Master Builders is very experienced in helping members respond to industrial activity, and can represent members at Fair Work Australia. For more information or to discuss your options, contact Master Builders.

What is ‘industrial action’?

Employee industrial action

‘Employee industrial action’ includes:

  • The performance of work in a way that is different from the way in which work is usually performed or adopting a practice in relation to work that results in a restriction or limitation on or delay in the performance of work
  • A ban, limitation or restriction on the performance of work or on the acceptance of work
  • A failure or refusal to attend for work or a failure or refusal to perform work by the employees who attend for work.

Employer industrial action

Employer industrial action may be in the form of a ‘lock out’ of employees. A lock out takes place if an employer prevents the employees from performing work under their contracts of employment, without terminating those contracts.

Protected industrial action

Protected industrial action means that employers, employees or their bargaining representatives may legally take industrial action during bargaining.

Certain requirements must be met by an employer, employee or their bargaining representatives for industrial action to be protected.

For example:

  • The bargaining representatives must be genuinely trying to reach agreement
  • The bargaining representatives must not have contravened any orders in relation to the industrial action or bargaining
  • The bargaining representatives must have given proper notice of the industrial action
  • The bargaining representatives must not have organised or engaged in industrial action before the nominal expiry date of the enterprise agreement
  • There must be no suspension or termination order of the industrial action or serious breach declaration in operation.

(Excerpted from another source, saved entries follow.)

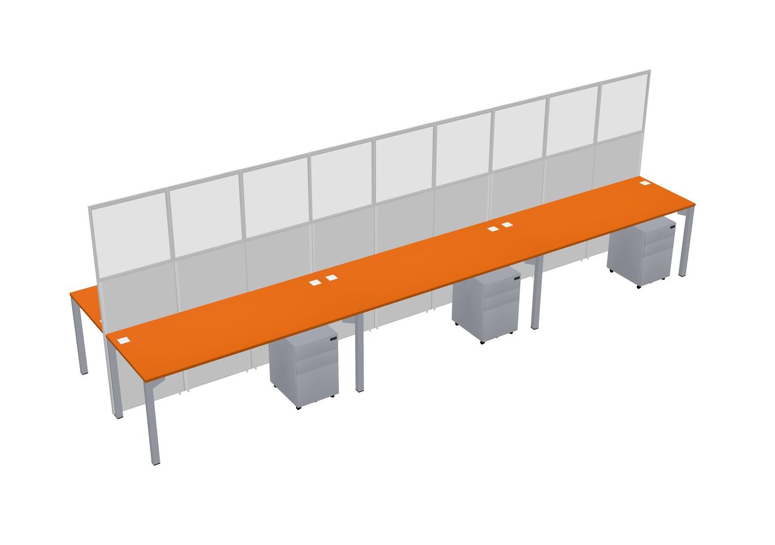 Orange Shared Rectangular Office Cubicle Panel System With Mobile Drawers For 6 Persons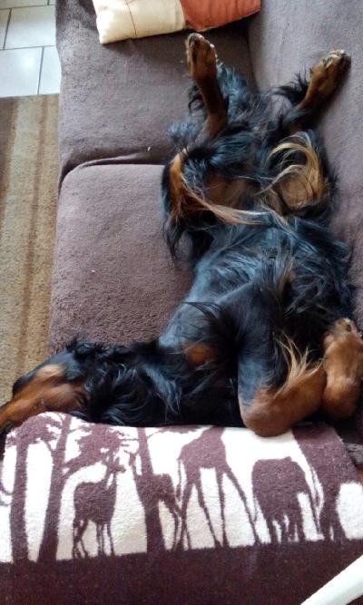 Gott sei Dank geht es Jack Daniels schon wieder besser und er lümmelt sich wieder auf der Coach. Nur Spazierengehen ist nur an der Leine und nur für kurze Zeit angesagt.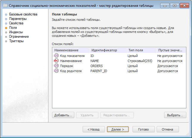 Ниже рассмотрен процесс создания таблицы на примере таблицы-справочника «Справочник социально-экономических показателей».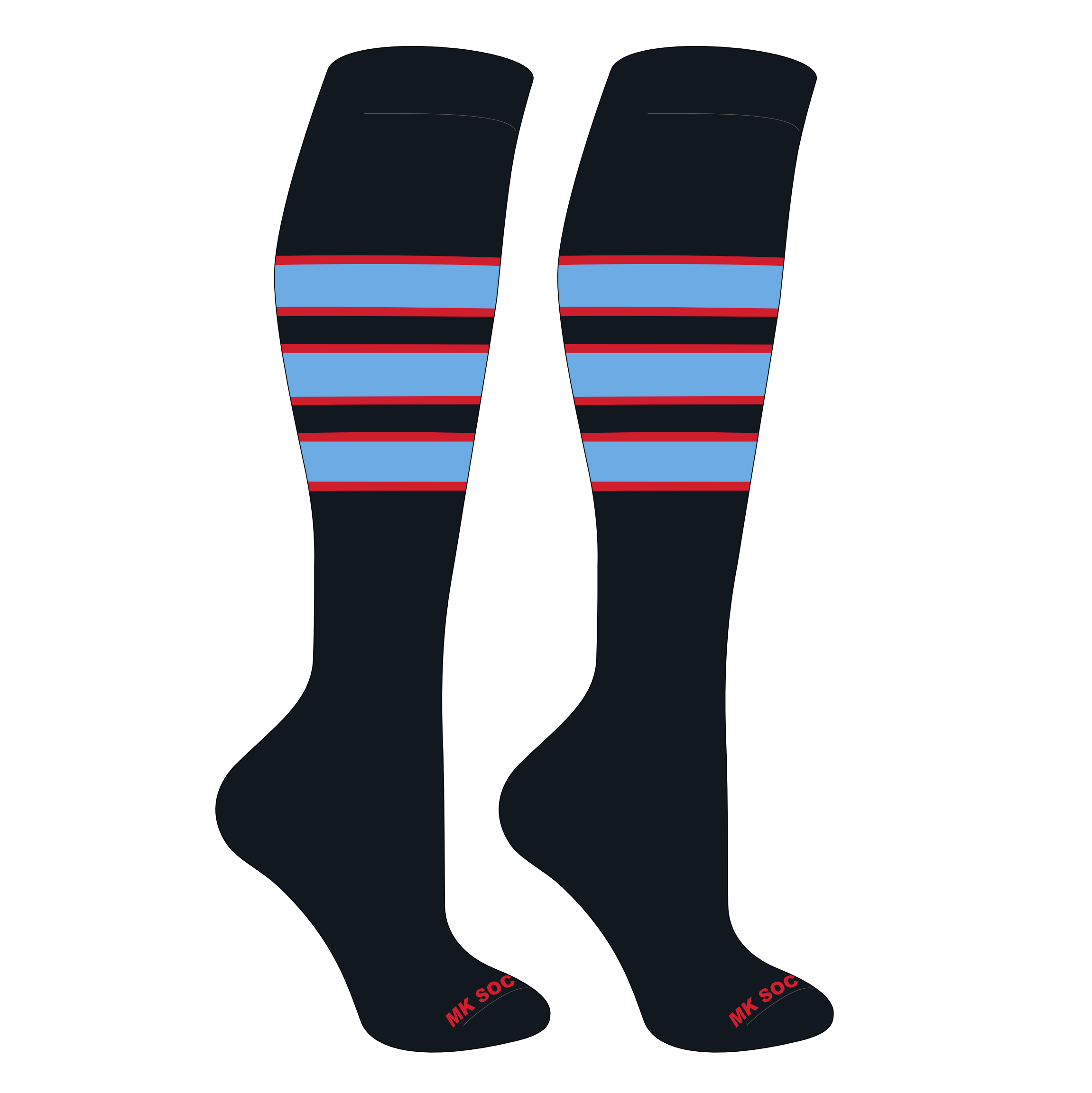 MK Socks Striped Knee High Baseball, Football Socks (C) Black, Red, Columbia Blue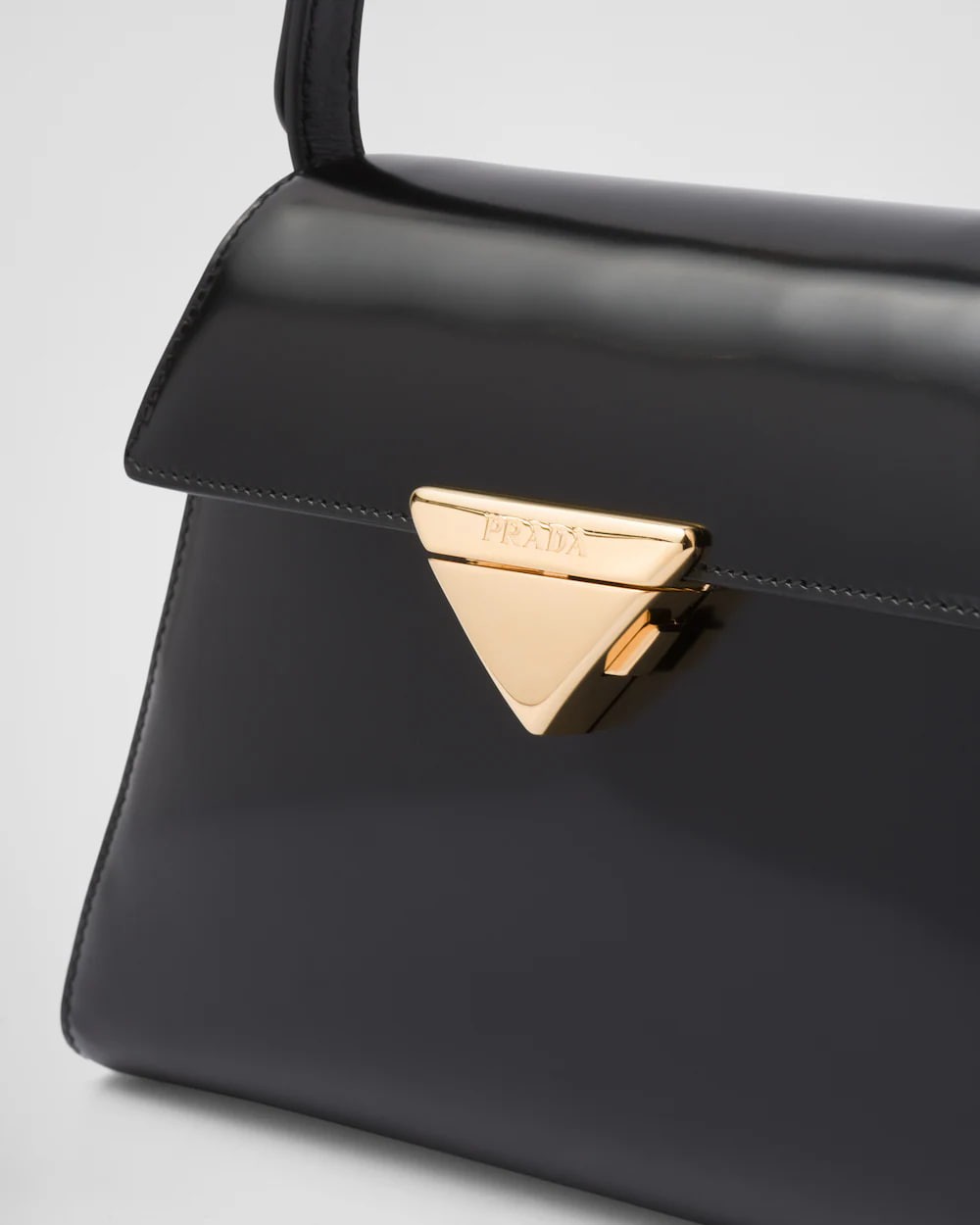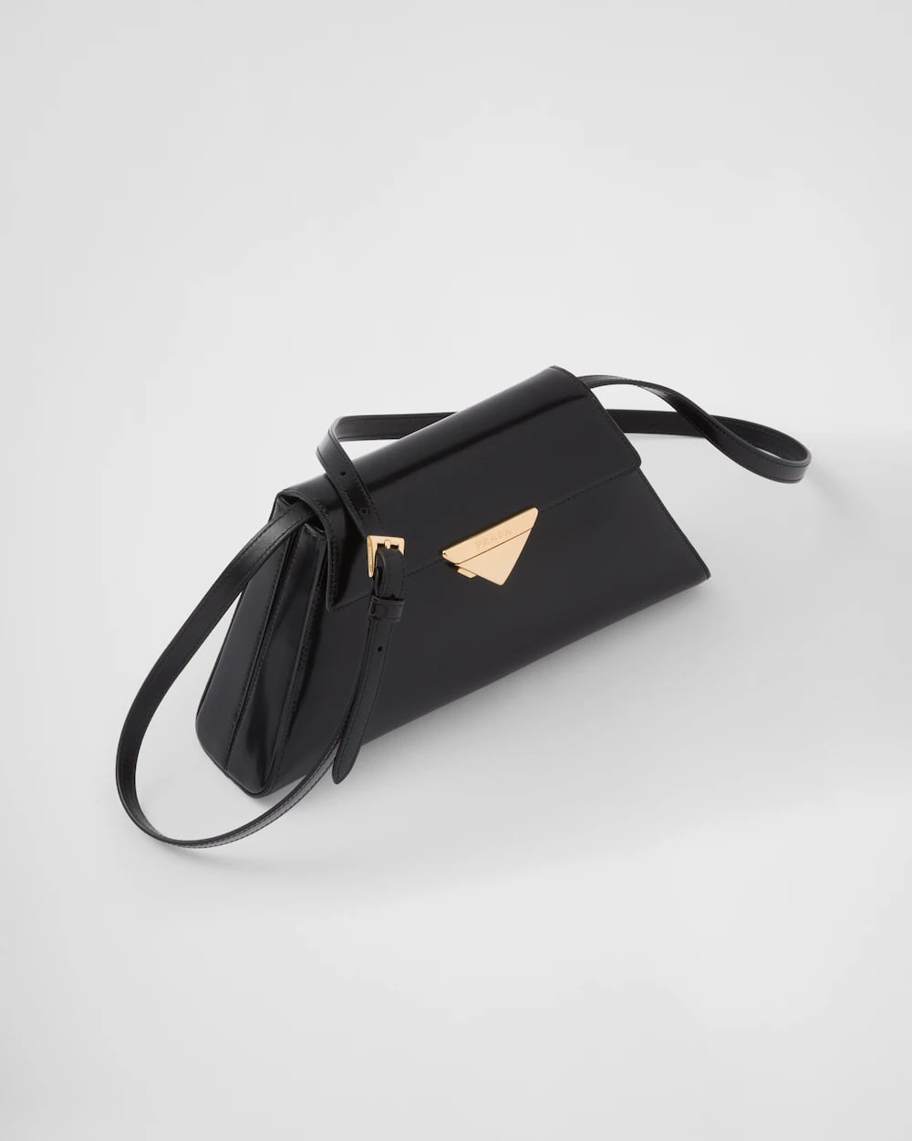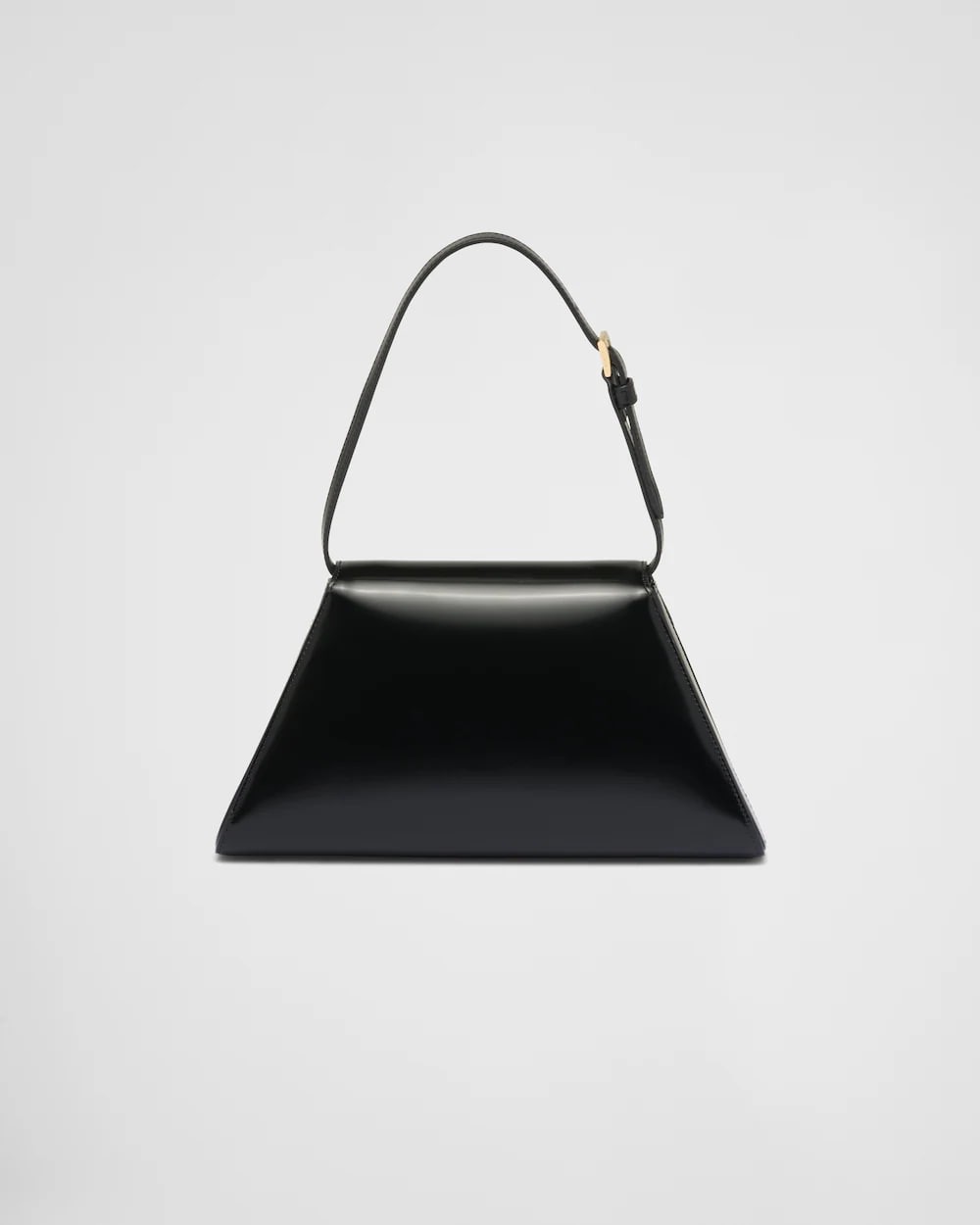 In an open dialogue between the past and the present, the Fall/Winter 2023 collection writes the rules of new elegance. Rigid lines with graphic quality reinterpret the vintage reference, introducing innovative design solutions. Crafted from brushed leather, this tote is the label's signature material, and its sleek geometric silhouette inspires refined gestures. The triangle logo is transformed into delicate details, embellishing and closing accessories, cementing the connection between tradition and modernity.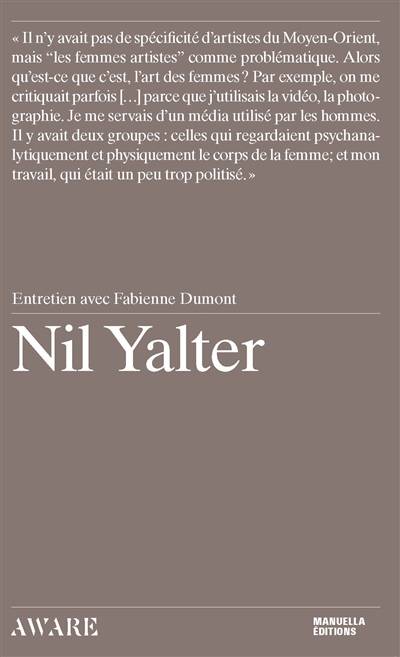 Cet entretien avec Nil Yalter est le premier volume d’une collection d’entretiens inédits créée en lien avec le prix d’honneur AWARE pour les artistes femmes, remis chaque année depuis 2017 à une plasticienne, liée à la France, pour l’ensemble de sa carrière. Cette collection poursuit les objectifs du prix : donner une visibilité à des artistes femmes dont les carrières ont pâti des biais de genre. Au-delà de cette question, il s’agit de donner accès à la parole des artistes. Cet ouvrage est l’occasion pour Nil Yalter de revenir sur l’ensemble de sa carrière : depuis la mise en place d’un art « sociocritique » dans les années 1970, pionnier dans l’art vidéo, proche du documentaire et en dialogue avec ses engagements féministe et communiste, exposant la condition des femmes, de la classe ouvrière ou des migrant·e·s, jusqu’à son usage des nouveaux médias dans une exploration de l’abstraction. Cet entretien est réalisé par Fabienne Dumont, historienne de l’art, critique d’art et enseignante en école d’art, spécialiste de la scène artistique féministe des années 1970.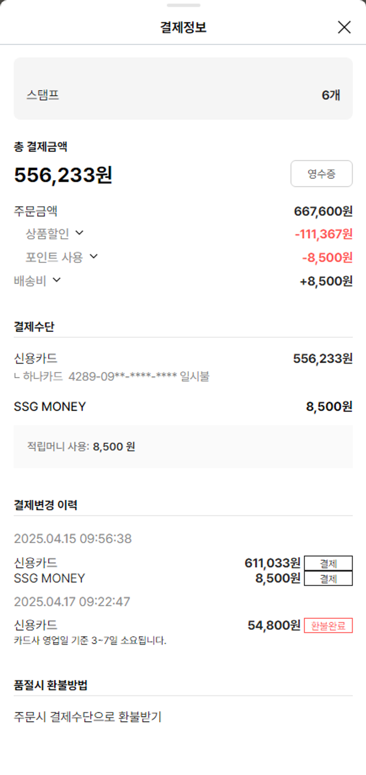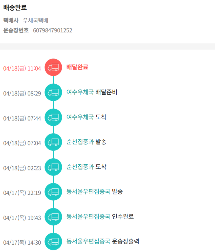 기부자님이 사용한 기부포인트 10,800원, 가격상승분 1,492원, 100원 미만 지원금 1원, SSG 머니 8,500포인트, 결제 수수료 14,271원, 기타 사업비는 행복나눔재단이 부담했습니다. (기부후기 발송시점에 최종 업데이트 됩니다.) 상품 주문 건 중 품절 발생하여 2025-04-17 재주문하였습니다. 실제 쇼핑몰에서 확인되는 배송현황을 캡처한 내용입니다. 실시간 자료와는 차이가 있을 수 있습니다.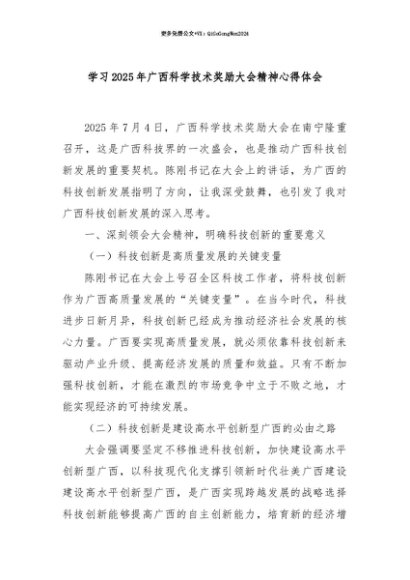 【七哥公文】2025年:【七哥公文】学习2025年广西科学技术奖励大会精神心得体会+更多免费公文+VX:QiGeGongWen2024+更多免费公文+VX:QiGeGongWen2024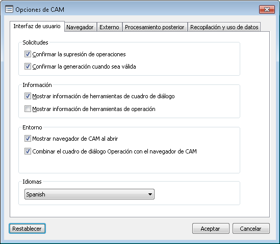 El cuadro de diálogo Opciones de CAM. Puede restablecer los parámetros por defecto en cualquier momento haciendo clic en el botón Restablecer que aparece en cada ficha.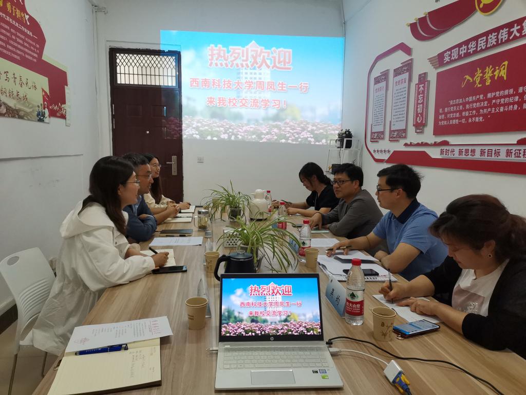 为加强兄弟院校交流,互鉴工作经验,5月18日下午,西南科技大学党委学生工作部副部长周凤生一行4人来我校调研。校党委学生工作部陈德翼、王楠,辅导员蒋莹莹、马奔、仲伟雨等参加了交流。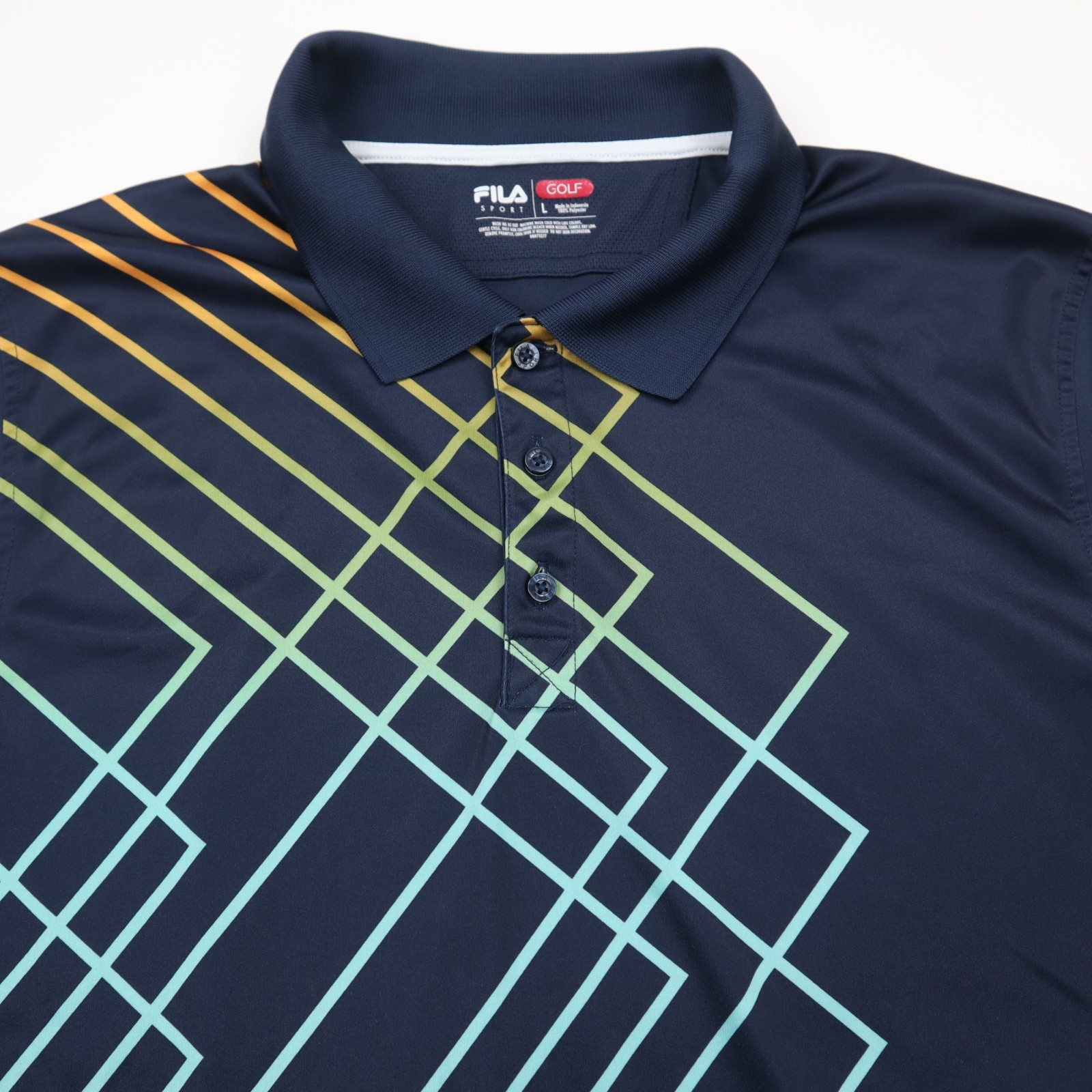 как выглядит Fila Sport Golf Polo Shirt Mens Large Dark Blue Geometric Quick Dry Performance фото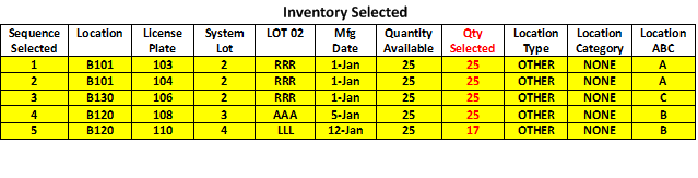 - Enregistrements valides ensuite triés par quantité basse à élevée, lot 04, emplacement ABC, puis emplacement.

Unprotected industrial action

Industrial action that is not carried out in accordance with the Act, or that contravenes any orders made by FWA, is unprotected industrial action. Employees who take part in unlawful (i.e. unprotected) industrial action may also be exposed to liability at common law or under the Building and Construction Industry Improvement Act 2005.

Employers have various options available to them when responding to unprotected industrial action including:

  • Seek s418 FWA’s Orders Stopping Industrial Action (also known as return to work orders)
  • Notify FWA of a dispute and seek recommendations (these are not binding)
  • If a S418 order is in place or an enterprise bargaining agreement has not passed its nominal.

Seeking an s418 order

Master Builders can help you prepare and draft an s418 order, and act as your representative to FWA.

Master Builders unprotected industrial action questionnaire will help you collect the information you need from employees and contractors for evidential purposes.

Employers seeking an s418 order should:

  1. Identify the event/s that have actually occurred and why the event/s amount to unprotected industrial action.
  2. Make a decision about seeking s418 orders, and then don’t waste any time following through.
  3. Contact Master Builders, who will notify FWA that an application is pending.
  4. Ensure a person, who has seen the event/s and spoken with the relevant union/s about the industrial activity, is able to complete sworn statement and appear in the witness box.
  5. Ensure the relevant managers and witnesses are available to attend FWA in person and at short notice.

Site safety exception to industrial action

If an employee refuses to perform work because of a reasonable concern for their immediate health or safety, this will not be regarded as industrial action. However, the employee must not unreasonably fail to comply with a direction of the employer to perform other available work, whether at the usual workplace or another workplace, providing that work is safe for the employee to perform.